- _Assignment_: Your job is to report every line of the entries that has "Спортбаскет".

Data excerpts

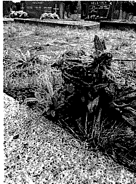
Kuvat ja : Vas. valkomaksaruoho ja oik. kyläneidonkieli (kortteli 3)
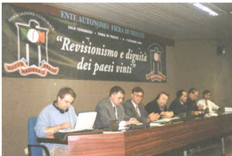
Il tavolo degli oratori in un momento della conferenza.

Questa scuola di pensiero considera la nostra situazione attuale come una guerra a livello mondiale su fronti invisibili. A suo giudizio, la disfatta militare tedesca nel 1945 ha lasciato i popoli europei e il resto del mondo indifesi di fronte alle forze militari
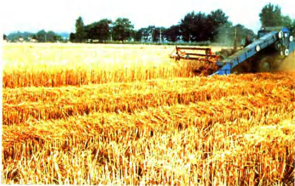
▲ 地区机械化收割小麦
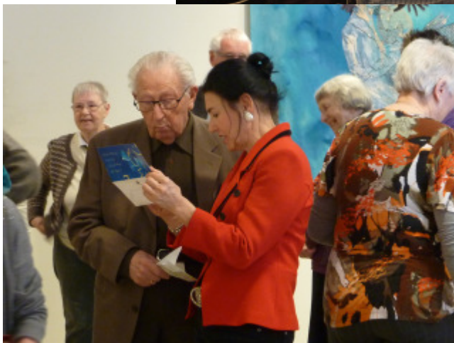
Hjælp til oversættelse af brev fra Rumænien
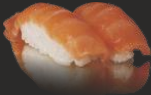
49 Nigiri salmó(2u)
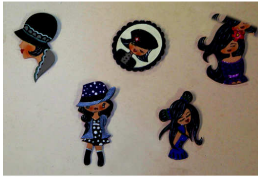
TELETHON LAZ 2013 Broches fantaisie
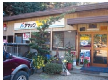
元気なアマック社の外観
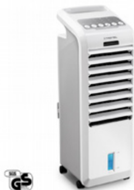
Ochlazovače vzduchu ceny od 2430,-Kč.
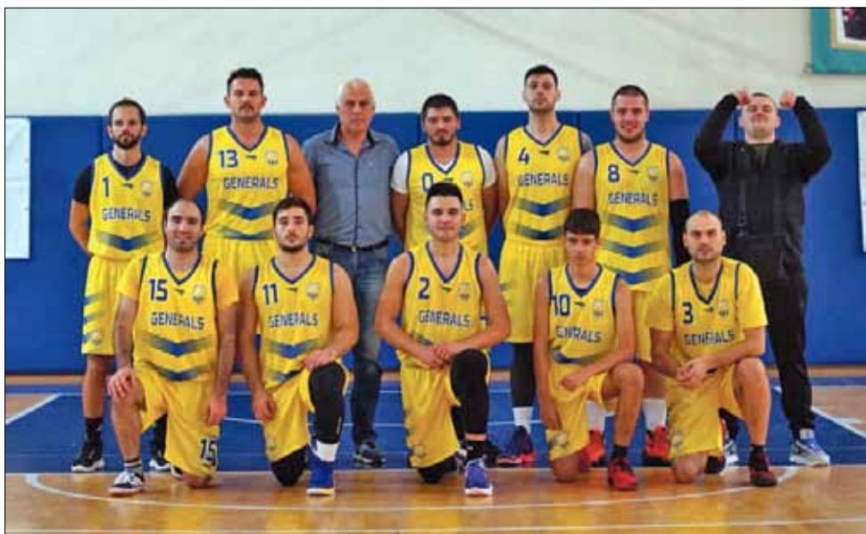
Това е мъжкия отбор на „Спортбаскет – ГТ“, който през този сезон ще играе в „Б“ Група на Зона „Изток“ в ББЛ.

Във временното класиране лидер в групата е отборът на „Шоутайм Б“ (Варна), следван от „Ънстопабъл Б“ (Добрич). И двата състава са с пълен актив от 4 точки след две победи. „Спортбаскет – ГТ“ е на шесто място с 3 точки от една победа и една загуба само заради по-лошата си точкова разлика, спрямо тимовете на „Консуматорите“ (Варна), „Олд Файв“ (Варна) и „Черноморец“ (Балчик), които са съответно на трето, четвърто и пето място със същия точков актив. На последните две места са „Светкавица Б“ (Търговище) и „Калиакра“ (Каварна).
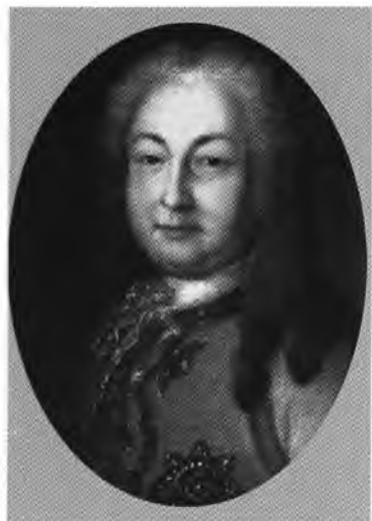
Граф Андрей Иванович Остерман.
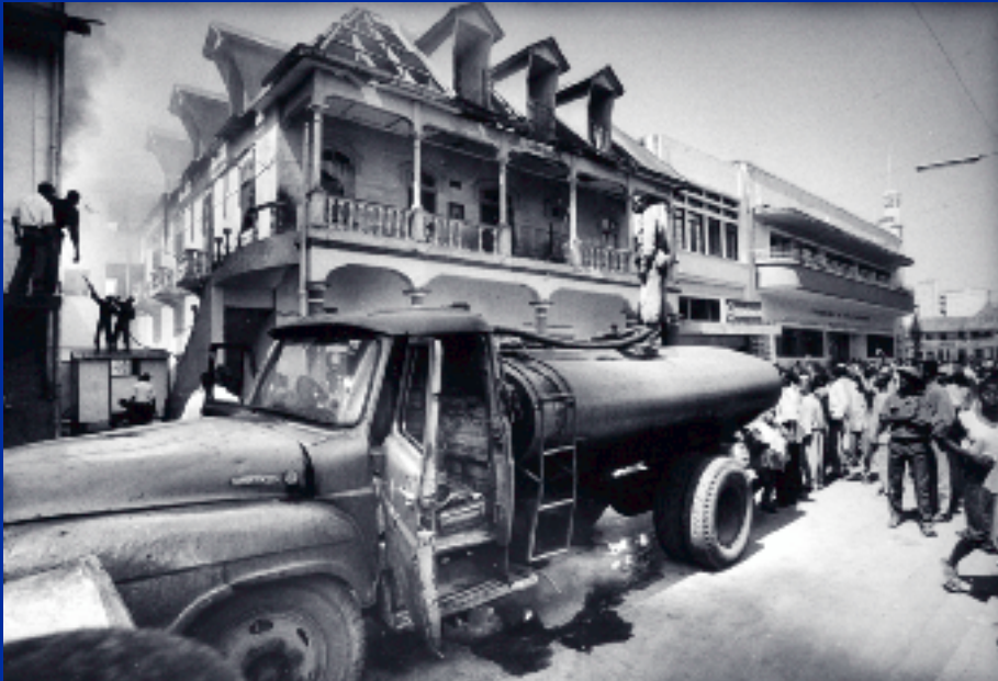
WUBBO DE JONG

Met bijzondere dank aan Wubbo de Jong († 2002), die in 1998 tijdens zijn bezoek aan Beira de brandweermannen van Beira fotografeerde in actie tijdens een grote brand in het centrum van de stad. De stadsbrandweer moest het doen met de op dat moment enige beschikbare, bijna antieke brandweerauto en zeer verouderd materiaal. Inmiddels beschikt de stadsbrandweer over 5 prima brandweerwagens en modern materiaal.
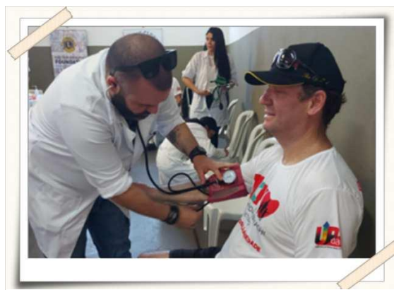
Registro dos alunos aferindo a pressão arterial – Parque da cidade
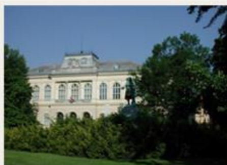
Prirodoslovni muzej Slovenije
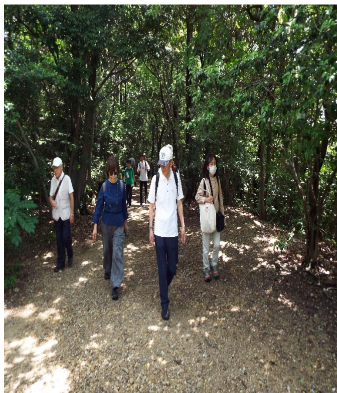
細かい石ころで多少歩きにくい？
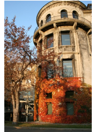
Bibliothèque de l'Université McGill Bibliothèque Schulich – Sciences et ingénierie

L'ABRC a entrepris la première enquête pour évaluer les perceptions des membres d'un corps professoral par rapport aux services qu'offrent les bibliothèques universitaires au Canada. Les résultats seront disponibles au printemps 2015.
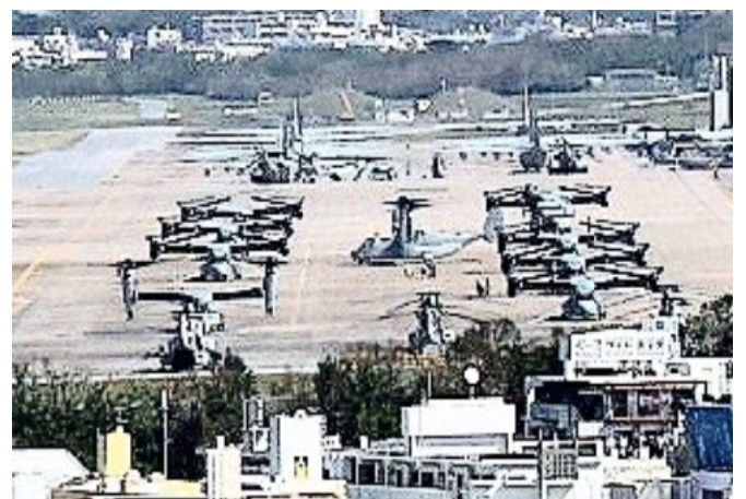
写真上: 北朝鮮ミサイル発射 2017.3.6
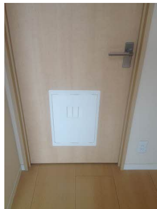
■ペットドア付建具
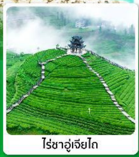
ไร่ชาอู๋เจียโต
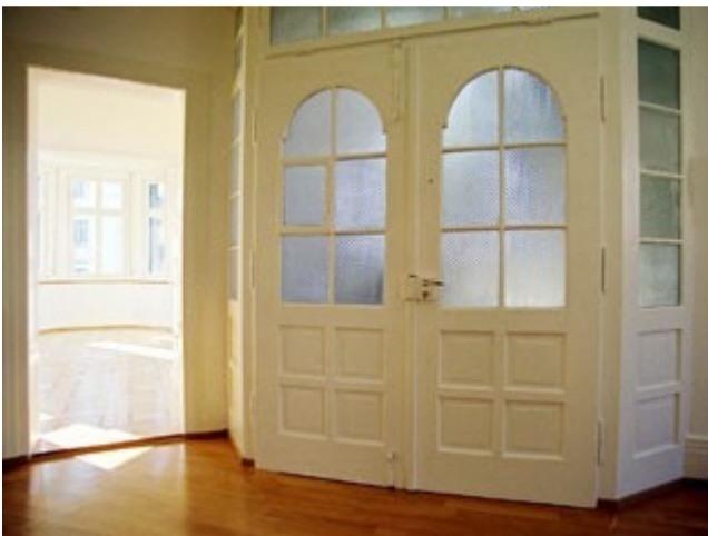
Minervastr. 93, 8032 Zürich

- _Response area_:
Това е мъжкия отбор на „Спортбаскет – ГТ“, който през този сезон ще играе в „Б“ Група на Зона „Изток“ в ББЛ.
Във временното класиране лидер в групата е отборът на „Шоутайм Б“ (Варна), следван от „Ънстопабъл Б“ (Добрич). И двата състава са с пълен актив от 4 точки след две победи. „Спортбаскет – ГТ“ е на шесто място с 3 точки от една победа и една загуба само заради по-лошата си точкова разлика, спрямо тимовете на „Консуматорите“ (Варна), „Олд Файв“ (Варна) и „Черноморец“ (Балчик), които са съответно на трето, четвърто и пето място със същия точков актив. На последните две места са „Светкавица Б“ (Търговище) и „Калиакра“ (Каварна).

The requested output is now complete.